Task to complete: Reproduce from the records below, with no pictures, exactly the lines between the one containing "Dissertation on a" and the one containing "(四)大斧使用的步骤:首先左", inclusive.
········
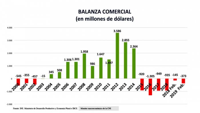 De acuerdo con la CNI, el incremento de las importaciones y el descenso en el valor de las exportaciones en los dos primeros meses de 2019 generaron una suba en el déficit comercial con el consiguiente efecto sobre el descenso en el valor de las reservas internacionales netas. Las exportaciones a febrero de 2019 descendieron a 1.315 millones, cuando en febrero de 2018 se situaron en 1.388 millones; por su parte, las importaciones subieron a 1.688 millones a febrero de 2019 cuando se ubicaron en 1.533 millones a febrero de 2018.
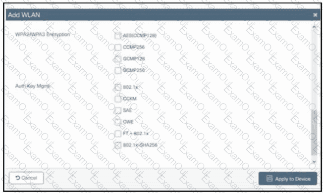 Refer to the exhibit. A customer asks an engineer to create a new secure WLAN to support only WPA3. Users must connect using a passphrase. Which encryption and key management configuration is required?
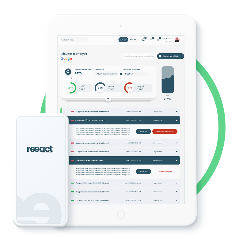 Notre plateforme révolutionnaire, marque un tournant décisif dans la gestion de votre réputation en ligne. Reeact, nous comprenons l'importance cruciale de votre image numérique dans un monde connecté en permanence.
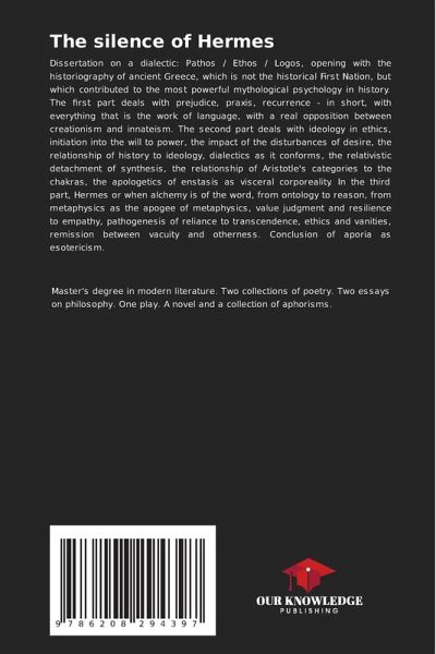 Dissertation on a dialectic: Pathos / Ethos / Logos, opening with the historiography of ancient Greece, which is not the historical First Nation, but which contributed to the most powerful mythological psychology in history. The first part deals with prejudice, praxis, recurrence - in short, with everything that is the work of language, with a real opposition between creationism and innateism. The second part deals with ideology in ethics, initiation into the will to power, the impact of the disturbances of desire, the relationship of history to ideology, dialectics as it conforms, the relativistic detachment of synthesis, the relationship of Aristotle's categories to the chakras, the apologetics of enstasis as visceral corporeality. In the third part, Hermes or when alchemy is of the word, from ontology to reason, from metaphysics as the apogee of metaphysics, value judgment and resilience to empathy, pathogenesis of reliance to transcendence, ethics and vanities, remission between vacuity and otherness. Conclusion of aporia as esotericism.
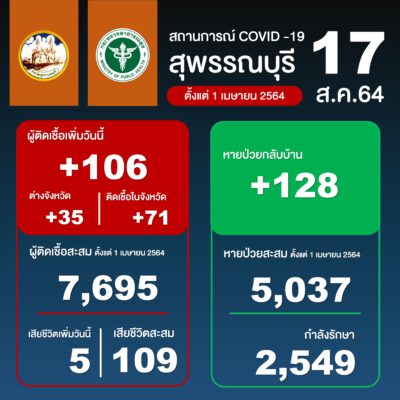 สำหรับสถานการณ์โรค COVID-19 จังหวัดสุพรรณบุรี วันนี้มีผู้ติดเชื้อ 106 ราย รวมยอดจำนวนที่พบเชื้อสะสมระรอกใหม่ตั้งแต่ 1 เมษายน 2564 ถึงปัจจุบัน 7,695 ราย และรักษาหายแล้ว 5,037 ราย คงเหลือกำลังรักษาอีก 2,549 ราย เสียชีวิตเพิ่มวันนี้ 5 ราย เสียชีวิตสะสม 109 ราย ขณะที่ยอดจำนวนผู้ลงทะเบียนขอรับการฉีดวัคซีน COVID-19 เมื่อวันที่ 16 สิงหาคม 2564 เวลา 19.30 น. มียอดรวมสะสม 445,611 คน คิดเป็นร้อยละ 78.24
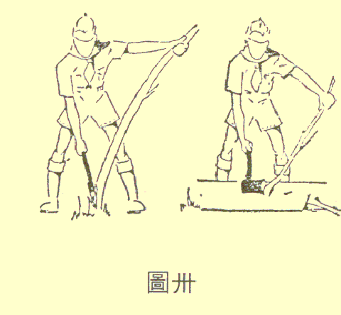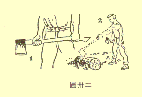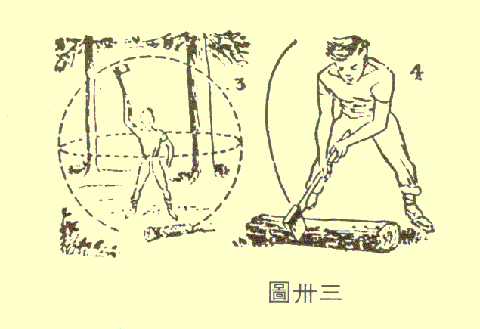 (四)大斧使用的步骤:首先左、右手把大斧持好,两边都留有两、三寸余地(见图三二之1),第二步先将大木头用垫子稳定妥当,再将斧伸长至木头处取得距离(见图三二之2),第三步先斧头左右横绕一圈,再上下直绕一圈,免得用力时碰到东西危险(见图三三之3),一切妥当准备好就下斧猛力挥劈去(见图三三之4),那就事半功倍,很快地把木头劈断。
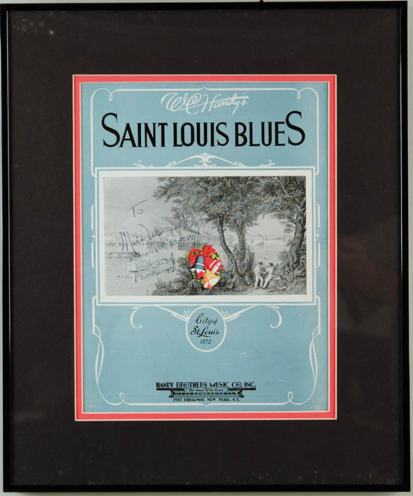 W.C. HANDY (American, 1873-1958) WORLD FAMOUS MUSICIAN “FATHER OF THE BLUES”. Signed sheet music “To Miss … Jones, Seasons Greetings, WC Handy 12-16-42”. Inscription and signature are on the center picture of a music sheet titled “Saint Louis Blues”, Handy Brothers Music Co. Inc.. Next to signature is a decorative bell decal. Housed in a black metal frame with black and red matte. PROVENANCE: Estate of Dr. and Mrs. Stanwood Schmidt of Eureka, CA. SIZE: 12” x 9”. CONDITION: Very good. 9-96014 (1,000-1,500)
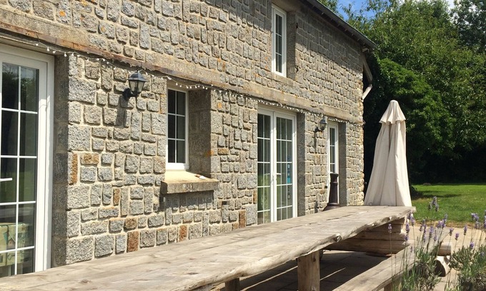 Secluded 4.5 acre, countryside setting with private parking and garden, owners live on site to rear/apart, and are available for assistance throughout your holiday. Only 5kms to amenities at Mortain with open air pool (summer) Karting, plenty to see and do in the surrounding areas. Large living accommodation, Smart TV, Wifi, 7ft pool table, Bluetooth sound bar, large master bedroom en suite, (2 double beds, can either be separated or used together for super queen size, & bunkbeds and cot, ) family bathroom, Single bedroom, twin bedroom, triple bedroom (double and single beds). Highchairs and 2 cots available. Fully equipped kitchen, gas hob x2 , electric oven x1, gas oven x1, , microwave, coffee machine (senseo), washing machine. All bedlinen & towels supplied. See our friendly menagerie. Direct access onto walking and cycle track to rear of property.
········
Result below:
 Dissertation on a dialectic: Pathos / Ethos / Logos, opening with the historiography of ancient Greece, which is not the historical First Nation, but which contributed to the most powerful mythological psychology in history. The first part deals with prejudice, praxis, recurrence - in short, with everything that is the work of language, with a real opposition between creationism and innateism. The second part deals with ideology in ethics, initiation into the will to power, the impact of the disturbances of desire, the relationship of history to ideology, dialectics as it conforms, the relativistic detachment of synthesis, the relationship of Aristotle's categories to the chakras, the apologetics of enstasis as visceral corporeality. In the third part, Hermes or when alchemy is of the word, from ontology to reason, from metaphysics as the apogee of metaphysics, value judgment and resilience to empathy, pathogenesis of reliance to transcendence, ethics and vanities, remission between vacuity and otherness. Conclusion of aporia as esotericism.
 สำหรับสถานการณ์โรค COVID-19 จังหวัดสุพรรณบุรี วันนี้มีผู้ติดเชื้อ 106 ราย รวมยอดจำนวนที่พบเชื้อสะสมระรอกใหม่ตั้งแต่ 1 เมษายน 2564 ถึงปัจจุบัน 7,695 ราย และรักษาหายแล้ว 5,037 ราย คงเหลือกำลังรักษาอีก 2,549 ราย เสียชีวิตเพิ่มวันนี้ 5 ราย เสียชีวิตสะสม 109 ราย ขณะที่ยอดจำนวนผู้ลงทะเบียนขอรับการฉีดวัคซีน COVID-19 เมื่อวันที่ 16 สิงหาคม 2564 เวลา 19.30 น. มียอดรวมสะสม 445,611 คน คิดเป็นร้อยละ 78.24
 (四)大斧使用的步骤:首先左、右手把大斧持好,两边都留有两、三寸余地(见图三二之1),第二步先将大木头用垫子稳定妥当,再将斧伸长至木头处取得距离(见图三二之2),第三步先斧头左右横绕一圈,再上下直绕一圈,免得用力时碰到东西危险(见图三三之3),一切妥当准备好就下斧猛力挥劈去(见图三三之4),那就事半功倍,很快地把木头劈断。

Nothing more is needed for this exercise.